On Wednesday night, back before I became a dad and was still all footloose and fancy free, I had remarked to one of the visitors to our house the night before our induction that I wasn’t sure how or when I was going to mow my lawn between the birth of our daughter and the time when the legions of our friends and family started showing up over the course of the next few days with all kinds of support and food. The lawn perfectionist that I am, I told him how embarrassed I was going to be for people to see my yard like that. And though I realize how completely and utterly absurd that is… especially considering that 75% of my front yard is overgrown with crab-grass and will therefor not be winning any yard of the month awards anytime soon and not to mention the fact that real men probably don’t give a hoot about what other people think about their lawns anyway, I was frustrated by the situation nonetheless.
Earlier in the day on Saturday, this same friend had called and told me that he was at our house and was about to mow our yard. However, in the middle of our phone call, a woman in scrubs entered our hospital room and started trying to explain to us what was going on with my wife and so I abruptly had to get off the phone with him. Since there really was no time to reflect on how awesome this dude and his gesture of kindness was, I quickly moved on to more pressing matters… such as the health of my baby mama.
Until I pulled into my driveway later that night.
Where I just sat for a few moments and admired my freshly cut grass and the kindness of a man who simply heard me mention something in passing and turned it into an amazing act of generosity.
And that’s what real men do. They listen and look for little cues on ways to bless other people among the static and noise of every day life. And when a real man happens to stumble upon a cue that says, “Maybe this guy has enough stuff to worry about right now without having to worry about how his lawn looks when his friends and family show up to meet his daughter,” a real man takes action mows the other dude’s grass.

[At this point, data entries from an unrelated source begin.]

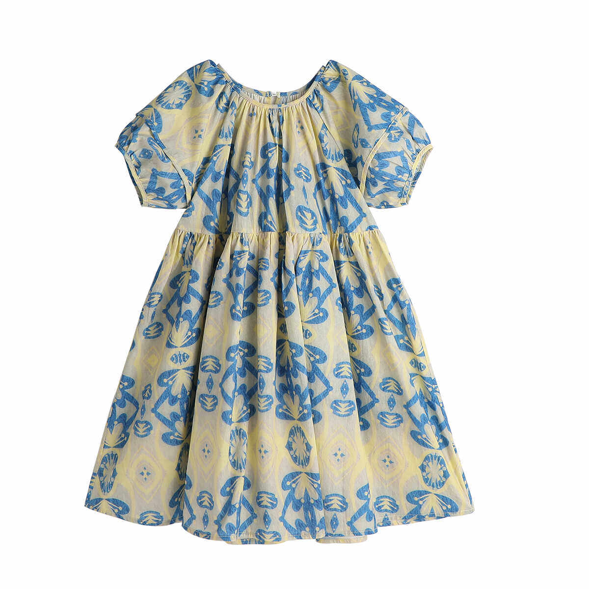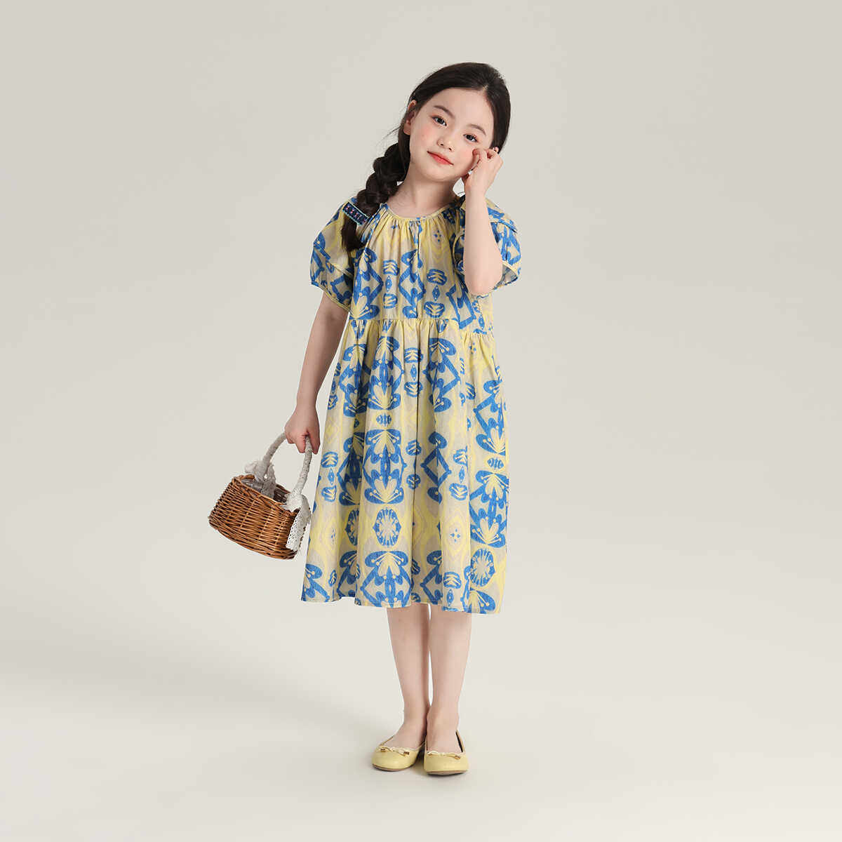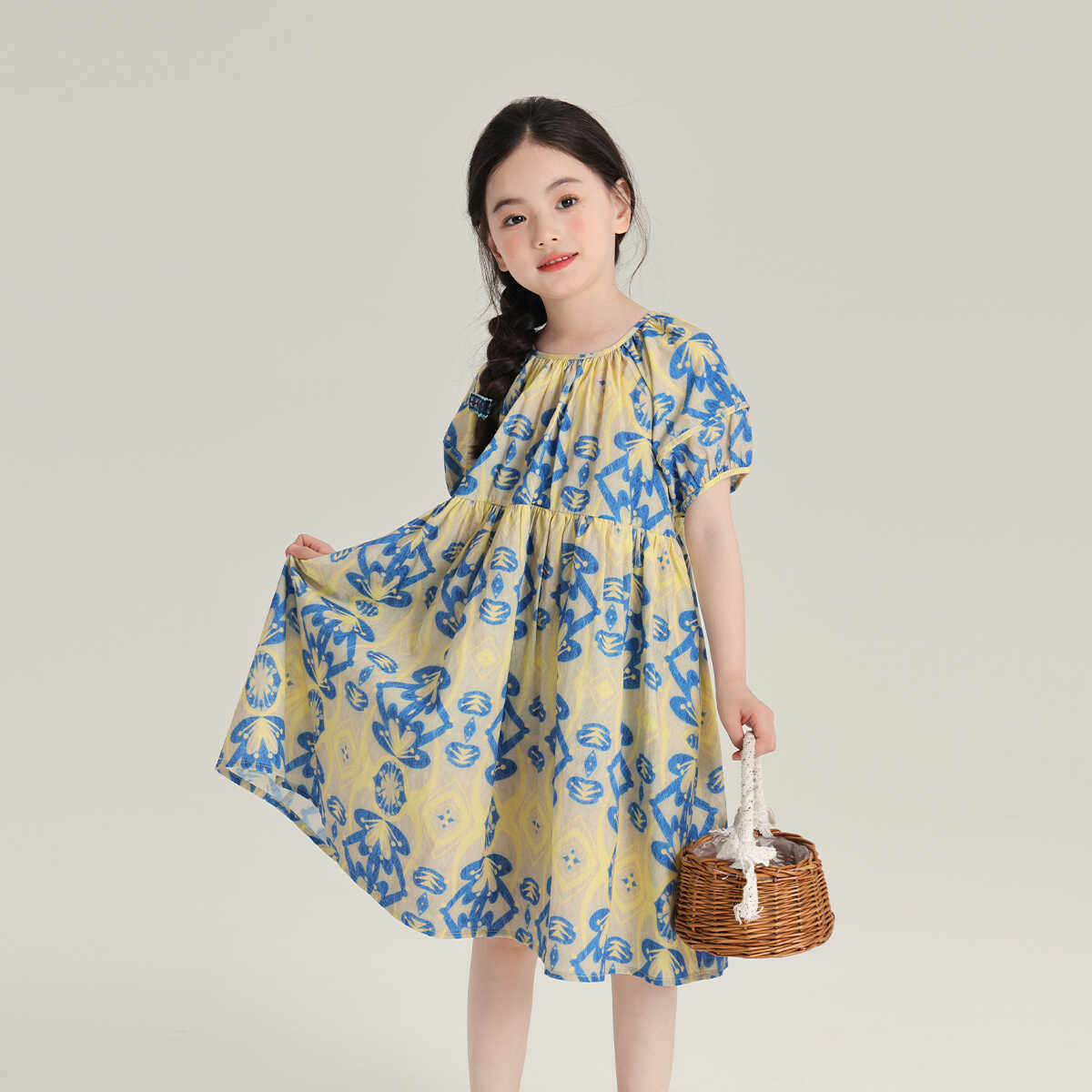 女童连衣裙洋气裙子夏季纯棉儿童装泡泡袖女孩抽象公主裙长裙薄款
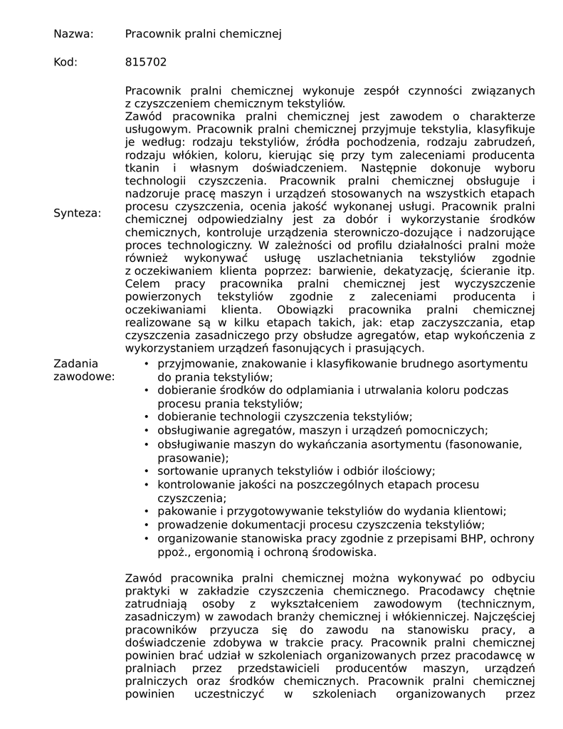 Nazwa: Pracownik pralni chemicznej Kod: 815702 Pracownik pralni chemicznej wykonuje zespół czynności związanych z czyszczeniem chemicznym tekstyliów. Zawód pracownika pralni chemicznej jest zawodem o charakterze usługowym. Pracownik pralni chemicznej przyjmuje tekstylia, klasyfikuje je według: rodzaju tekstyliów, źródła pochodzenia, rodzaju zabrudzeń, rodzaju włókien, koloru, kierując się przy tym zaleceniami producenta tkanin i własnym doświadczeniem. Następnie dokonuje wyboru technologii czyszczenia. Pracownik pralni chemicznej obsługuje i nadzoruje pracę maszyn i urządzeń stosowanych na wszystkich etapach procesu czyszczenia, ocenia jakość wykonanej usługi. Pracownik pralni Synteza: chemicznej odpowiedzialny jest za dobór i wykorzystanie środków chemicznych, kontroluje urządzenia sterowniczo-dozujące i nadzorujące proces technologiczny. W zależności od profilu działalności pralni może również wykonywać usługę uszlachetniania tekstyliów zgodnie z oczekiwaniem klienta poprzez: barwienie, dekatyzację, ścieranie itp. Celem pracy pracownika pralni chemicznej jest wyczyszczenie powierzonych tekstyliów zgodnie z zaleceniami producenta i oczekiwaniami klienta. Obowiązki pracownika pralni chemicznej realizowane są w kilku etapach takich, jak: etap zaczyszczania, etap czyszczenia zasadniczego przy obsłudze agregatów, etap wykończenia z wykorzystaniem urządzeń fasonujących i prasujących. Zadania • przyjmowanie, znakowanie i klasyfikowanie brudnego asortymentu zawodowe: do prania tekstyliów; • dobieranie środków do odplamiania i utrwalania koloru podczas procesu prania tekstyliów; • dobieranie technologii czyszczenia tekstyliów; • obsługiwanie agregatów, maszyn i urządzeń pomocniczych; • obsługiwanie maszyn do wykańczania asortymentu (fasonowanie, prasowanie); • sortowanie upranych tekstyliów i odbiór ilościowy; • kontrolowanie jakości na poszczególnych etapach procesu czyszczenia; • pakowanie i przygotowywanie tekstyliów do wydania klientowi; • prowadzenie dokumentacji procesu czyszczenia tekstyliów; • organizowanie stanowiska pracy zgodnie z przepisami BHP, ochrony ppoż., ergonomią i ochroną środowiska. Zawód pracownika pralni chemicznej można wykonywać po odbyciu praktyki w zakładzie czyszczenia chemicznego. Pracodawcy chętnie zatrudniają osoby z wykształceniem zawodowym (technicznym, zasadniczym) w zawodach branży chemicznej i włókienniczej. Najczęściej pracowników przyucza się do zawodu na stanowisku pracy, a doświadczenie zdobywa w trakcie pracy. Pracownik pralni chemicznej powinien brać udział w szkoleniach organizowanych przez pracodawcę w pralniach przez przedstawicieli producentów maszyn, urządzeń pralniczych oraz środków chemicznych. Pracownik pralni chemicznej powinien uczestniczyć w szkoleniach organizowanych przez stowarzyszenia i inne organizacje branżowe. Dodatkowe zadania Uwaga – opis standardów kompetencji zawodowych dla tego zawodu zawodowe: można znaleźć w bazie danych: www.kwalifikacje.praca.gov.pl
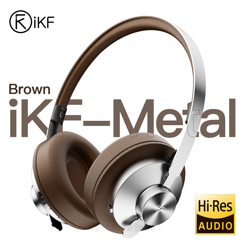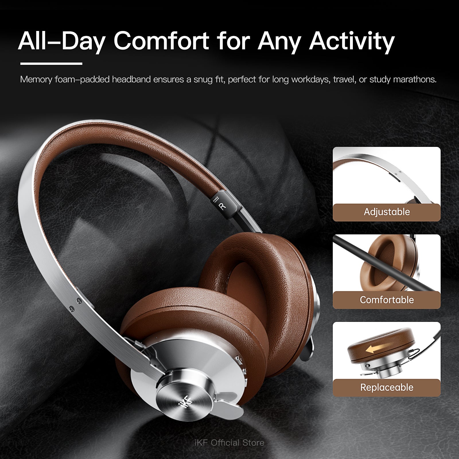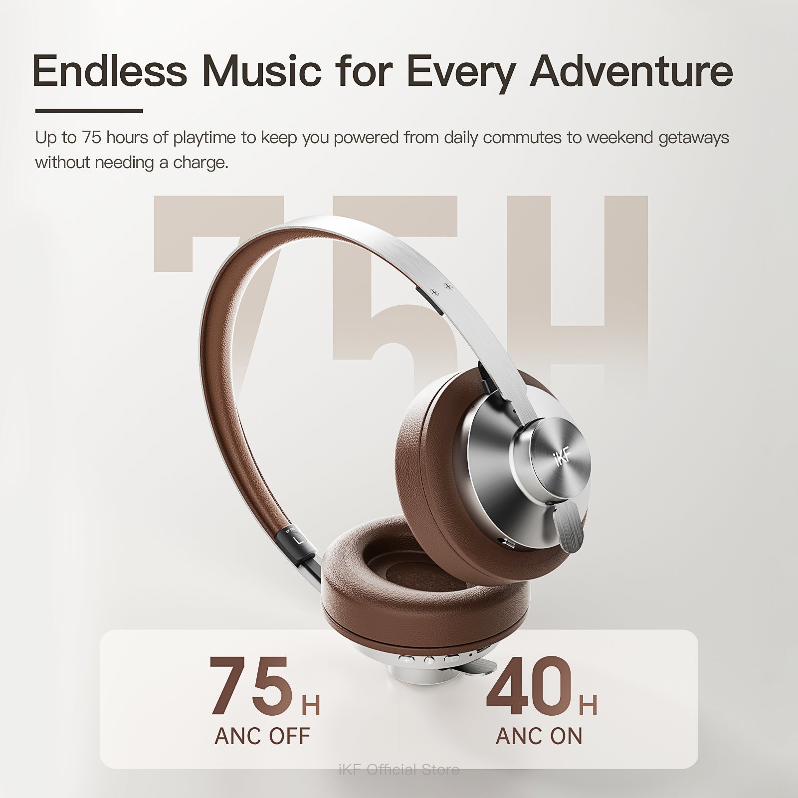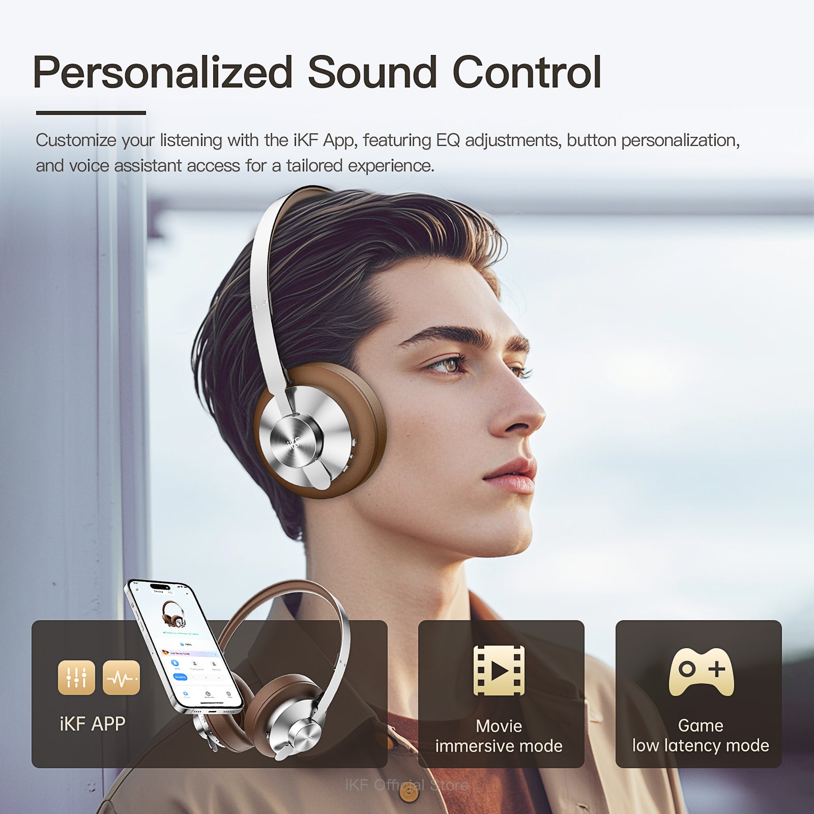 iKF Metal Wireless Bluetooth Over-Ear Headphones, Hardcore Full Metal Design with Dark Leather, Advanced ANC to -52dB, Hi-Res 40mm Drivers, 5-Mic ENC for Clear Calls, 75H Playback, AUX Wired Mode, App Customizable
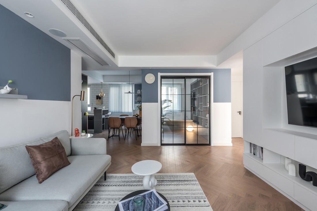 考虑到男生比较理性、沉稳,设计师特意采用了静谧蓝的墙面,奠定整间房子的色彩基调。但为了避免空间过于冷硬,只在墙面的上半部分选择了蓝色。搭配上灰色布艺沙发,让空间色彩更为柔和,视觉层次更为丰富。
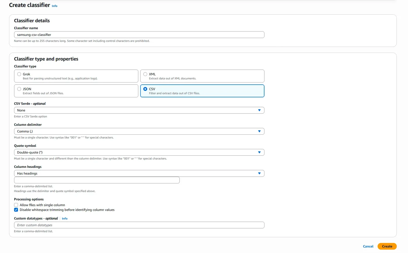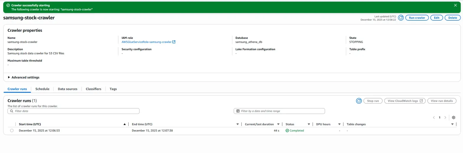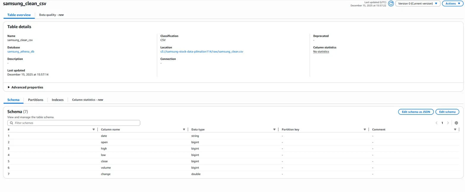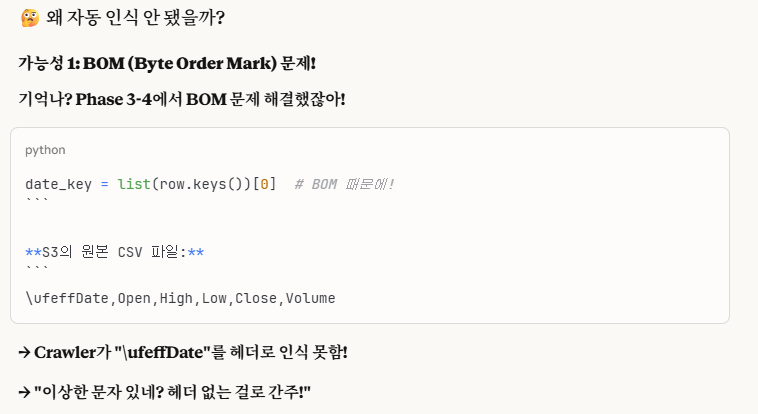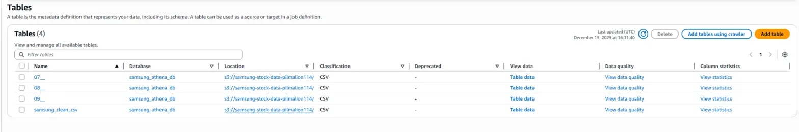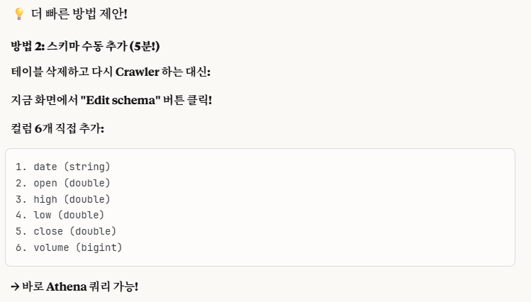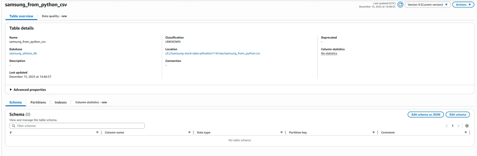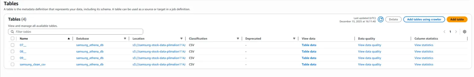->우리가 samsung_clean.csv를 파일이 아닌 폴더로 읽게 설정이 되어 있어서 빈 데이터로 나온 것임. 그래서 Athena SQL 쿼리문에서 실행을 해도 빈 값으로 나온 것이었음.2.AWS Crawler 및 Athena가 자동으로 잘 인식하게 설정하고 싶으면 S3 버킷에서 폴더 구조를 잘 정돈해서 만들어라(like clean/ 폴더 같이)
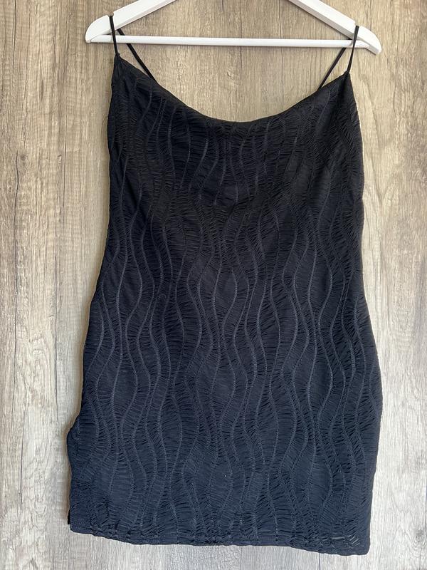 Мини платье на бретельках с разрезом на 1 ножку
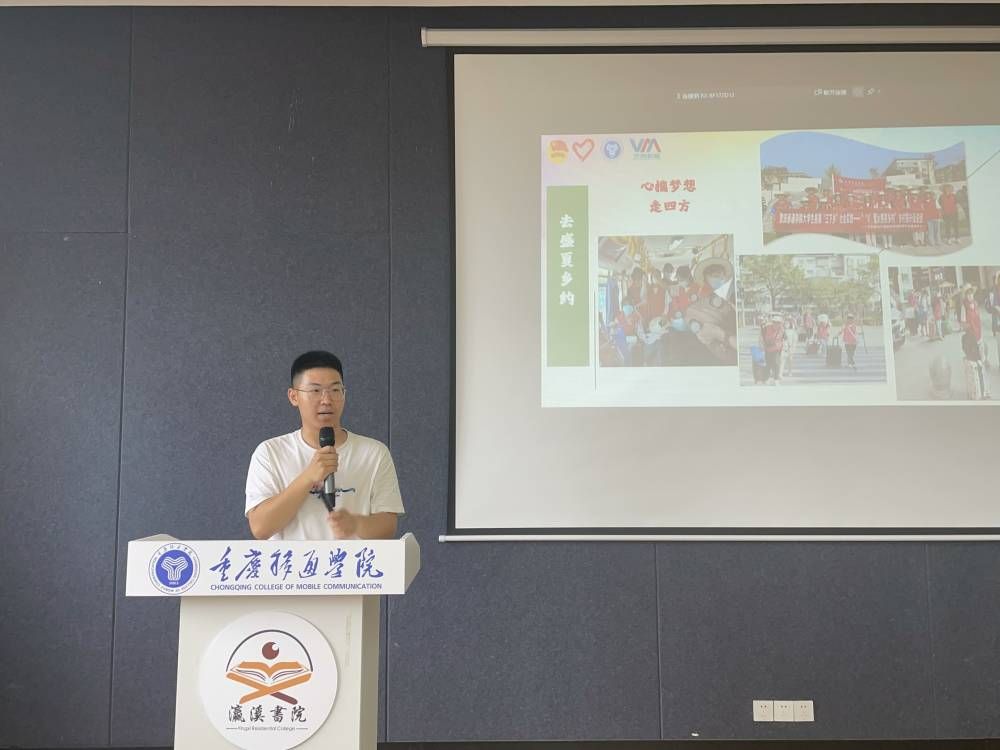 “奋斗是青春最亮丽的底色,行动是青年最有效的磨砺。”贾轩学长向同学们激情喊话,用精彩的讲述与丰富的图片向同学们描绘出一幅幅乡村绿与志愿红相碰撞的美丽画卷。
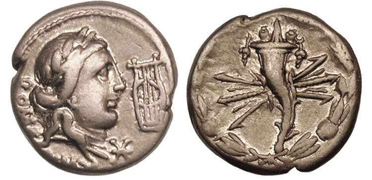 Q. Fabius Maximus. 82-80 B.C. AR Denarius. Laureate head of Apollo r.; behind, ROMA; below, Q. MAX; before, lyre and star / Cornucopiae superimposed on thunderbolt; around, wreath composed of ear of barley, ear of wheat and assorted fruits. Syd 718, Cr371/1.
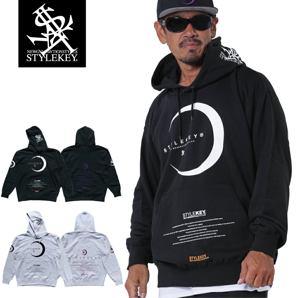 STYLEKEY(スタイルキー) スウェットパーカー TSUKUYOMI HOOD SWEAT(SK24FW-SWH02) 三日月 ロゴ マーク ブランド ヒストリー コンセプト ワンポイント バックプリント フード プルオーバー メンズ レディース ファッション ストリート系 ヒップホップ B系
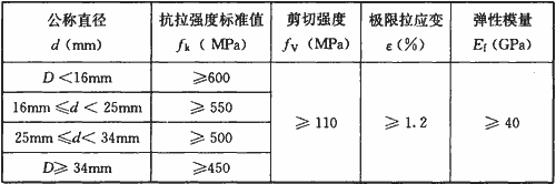 注:玻璃纖維筋抗拉強度標準值保證率在95%以上。
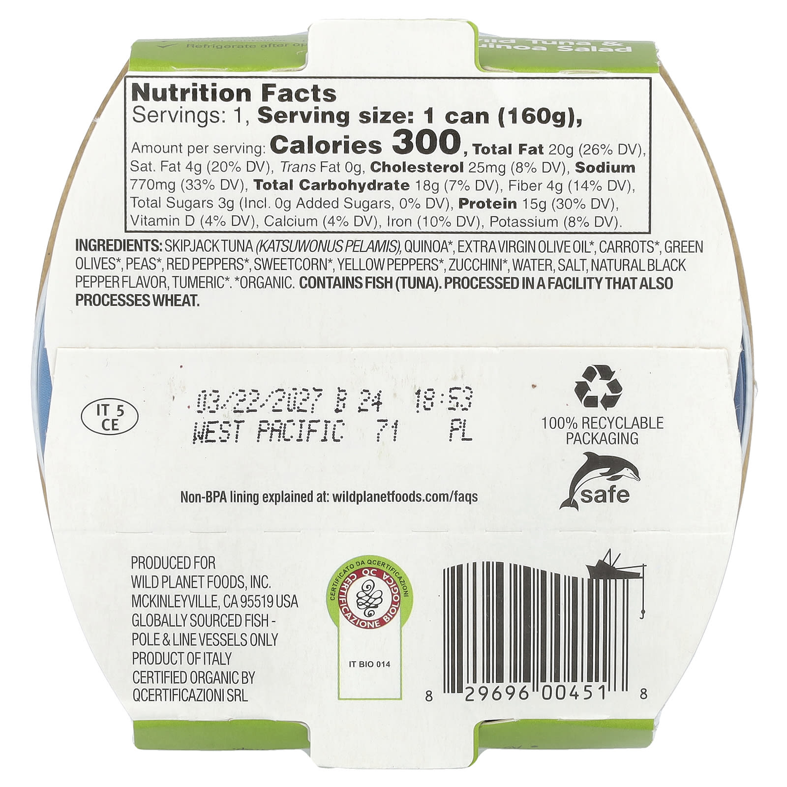 Изысканный вкус: Приготовьтесь побаловать себя нашим кулинарным салатом с диким тунцом и аппетитной смесью из органической киноа, моркови, зеленых оливок, гороха, болгарского перца, кукурузы, цукини и специй в органическом оливковом масле первого холодного отжима.
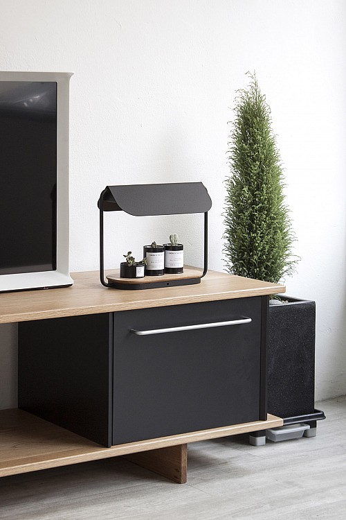 这是一款名为 Frame Lighting 的多功能台灯,看起来就像是被简化至框架的金字塔式小屋,每一个部分都相当实用:“地板”上能够堆放一些小物,“屋顶”则刚好可以用来搁置阅读中的书籍。

While you might not guess it from all the crab grass in my lawn this summer, I’ve always been pretty serious about the way my lawn looks. I think I got that from my dad. I love the way it looks right after it’s just been mowed as I sit on my front porch stewing in my own sweat and dirt as I sip on a lemonade and admire my handiwork. There’s just something about the smell of freshly cut grass and the way those indentations from the wheels look when they make perfectly straight parallel lines across my yard that warms my soul. But I have never, I repeat NEVER, cried over the beauty of that sight.
Until last night.
To the man who mowed my grass yesterday, you sir, are a rock star. I appreciate your kindly, generous, manly ways. I don’t know how or when, but I will make it up to you some day, I promise. Who knows, perhaps your yard will need to be mowed after the birth of your first child as well.
Until then, keep being awesome. You know who you are.